# Is this hens poop normal?



## chickenhen (Apr 22, 2015)

The hen who's poops these are doesn't seem to eat by her self. When ever I check her crop at night it's empty sometimes there's a small amount of water but I don't know why she doesn't eat by her self.
Is her poop normal?:


----------



## robin416 (Sep 8, 2013)

No, she's drinking a lot but not eating enough either.

Which probably what you already suspect. She's not feeling well but the question is why?


----------



## chickenhen (Apr 22, 2015)

A couple weeks ago I had a hen who had the same exact poo. She died a few weeks ago and I have no idea.
What should I do?


----------



## robin416 (Sep 8, 2013)

Observation, elimination, and tons of information is needed.

How old, what breed, laying normally, hatchery birds?

How old is the feed, where is it kept? Can the weather affect it or can wild life get in it? How often is the feeder emptied?

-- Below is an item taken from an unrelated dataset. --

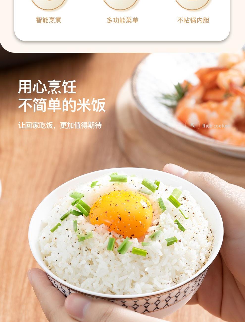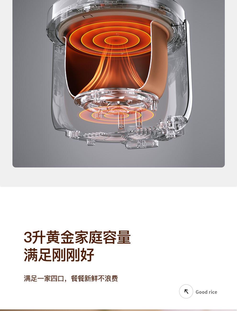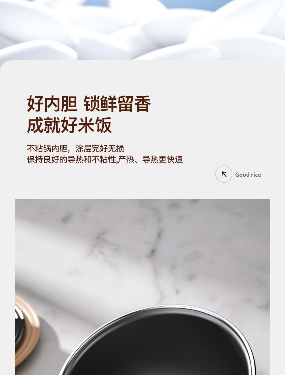 额定功率:500W 产品容量:3.0L 额定电压:220V~ 产品频率:50Hz 产品净重:2.0kg 产品毛重:2.4kg 整箱重量:15.6kg 装 箱 数:6台/箱 双层防烫双层防烫,食品级铝合金不粘内胆 触控菜单多功能触控菜单选择,数码显示 智能预约24小时智能预约、长效保温 铝合金发热盘波浪环形发热盘,聚能发热

What do you see when just standing back and watching the birds?


----------



## chickenhen (Apr 22, 2015)

She's 4 years old. A buff Orpington. She seems to never lay eggs unlike the others who lay constantly. No they're not hatchery birds, I got them from a small farm store- locally owned.
The feeds about a week old. It's kept in my shed usually but they eat out of their feeder in the coop. Weather can't really affect it but it does get humid here.
I don't think any wildlife can get into their food, it's under their enclosed cool with one door for them- a laying box door and a door into their roosting area. The feeders emptied every time they finish what's in it which takes about 3-4 days maybe more maybe less.
When I stand back and watch them I see them very active and pecking the ground, eating grass dust bathing and preening.


----------



## robin416 (Sep 8, 2013)

It's possible that she's having laying problems. If she is, there isn't a lot you can do for her. Was the other bird about the same age?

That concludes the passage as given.